Логику этого движения мысли от христианского понимания добродетельной жизни как преддверия небесного блаженства через распространение этого блаженства на земную жизнь человека в русле идей гедонизма и эвдемонизма Эпикура и отождествление этого наслаждения жизнью с пользой и интересами личности, фактически с эгоизмом, можно проследить у Л. Баллы в его сочинении «О наслаждении как истинном благе».

Л. Балла утверждает, что цель человека едина и в земной жизни, и в будущей небесной, и заключается она в получении удовольствия и наслаждения. При этом земные радости и удовольствия являются не помехой, а предвкушением наслаждений от будущей небесной жизни, которые есть не вознаграждения за бедствия и муки на земле, а продолжение его земных радостей.

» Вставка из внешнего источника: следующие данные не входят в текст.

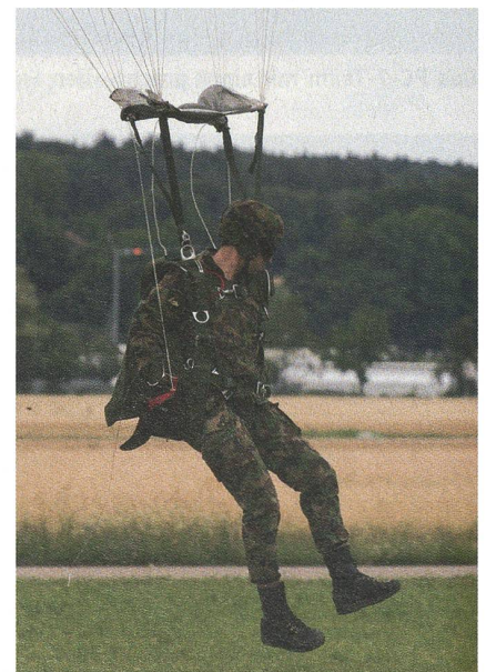
Vom Himmel hoch, da komm ich her...

Поэтому Балла отвергает культ воздержания и страданий во имя будущего спасения и райской жизни и воспевает присущее человеку от природы стремление к наслаждениям и радостям в земной жизни, которые только и могут быть подлинным критерием счастливой жизни.

При этом, следуя античной традиции, Балла не сводит удовольствия только к удовлетворению насущных потребностей и физических влечений, отождествляя истинное наслаждение жизнью с разумом и пользой, которыми должен руководствоваться человек.

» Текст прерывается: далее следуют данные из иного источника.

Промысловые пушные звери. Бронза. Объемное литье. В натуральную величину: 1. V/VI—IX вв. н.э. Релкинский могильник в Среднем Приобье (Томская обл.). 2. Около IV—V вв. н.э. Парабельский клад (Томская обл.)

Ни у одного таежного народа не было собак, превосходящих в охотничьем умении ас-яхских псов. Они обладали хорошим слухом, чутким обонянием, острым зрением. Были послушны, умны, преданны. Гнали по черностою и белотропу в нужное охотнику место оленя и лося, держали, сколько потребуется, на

Л. Балла выступает против христианской проповеди самоотверженной любви к ближнему как самому себе, утверждая невозможность отказа от собственного эгоизма и рассматривая добродетели как средства разумного согласования своих личных интересов с интересами других людей.

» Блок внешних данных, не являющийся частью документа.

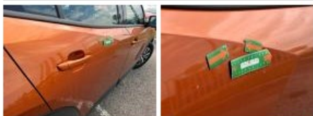
Porte AVD, Bosse(s) et griffe(s), Acceptable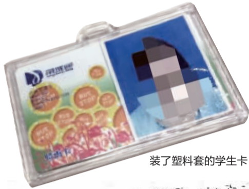
装了塑料套的学生卡。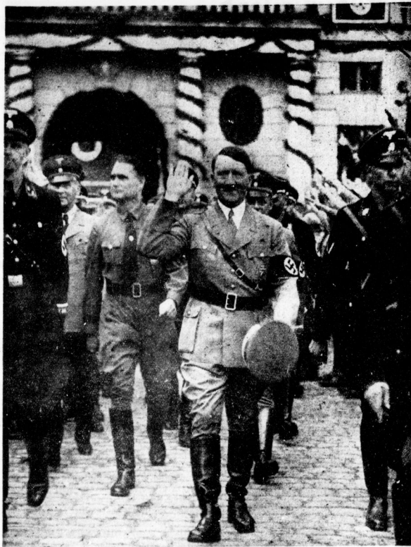
Von der Zehnjahrestfeier des 1. Reichsparteitages der NSDAP. in Weimar. Links: Der Führer schreitet die im Schloßhof zu Weimar aufgestellten Standarten ab. Rechts: Der Führer beim Verlassen des Weimarer Schlosses nach dem Staatsmahl im Festsaal. Hinter dem Führer sein Stellvertreter Reichsminister Rudolf Heß und (weiter nach links) Reichsminister Dr. Frick.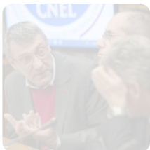
Cnel, presentazione libro 'Le riforme dimezzate'. Roma, 29 gennaio 2019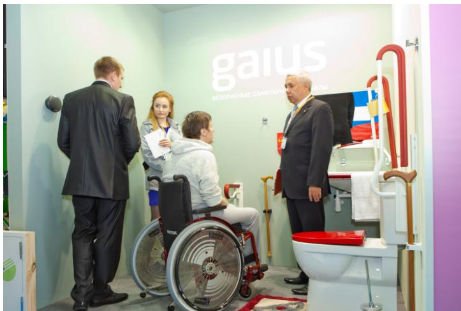
Работа на стенде с посетителями выставки.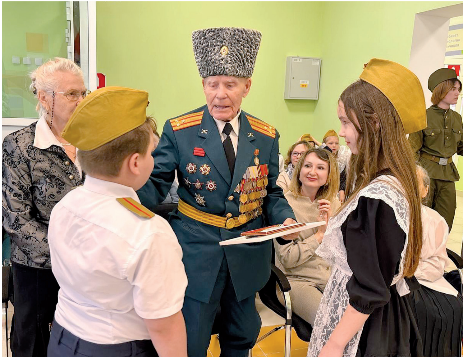
► Овсянниковская детвора приветствует легендарного земляка

Сегодня дело наших дедов доблестно продолжают участники специальной военной операции. Они с честью и мужеством отстаивают российские рубежи, а в тылу за них стоят наши волонтеры – люди с большим и добрым сердцем.

В культе удовольствий и радостей жизни, доходящем до открытой проповеди индивидуализма и эгоизма, отчетливо прослеживается стремление поднимающейся буржуазии к обладанию и пользованию благами жизни, моральному оправданию будущего культа потребительства без оглядки на лицемерные ограничения христианской морали.

И все это либерально-буржуазное направление возрожденческого гуманизма имеет отчетливую тенденцию в трактовке морали, добродетели, человеческого призвания как проявлений индивидуальной и общественной пользы в их оптимальном сочетании. В дальнейшем оно приведет к теориям «разумного эгоизма», «общественного договора», утилитаризма и прагматизма.

Второе направление в русле гуманизма, условно именуемое радикально-народным и связанное прежде всего с именами Т. Мора и Т. Кампанеллы, выражало интересы большинства неимущего населения, далекого от идей наслаждения жизнью и занятого каждодневной борьбой за выживание.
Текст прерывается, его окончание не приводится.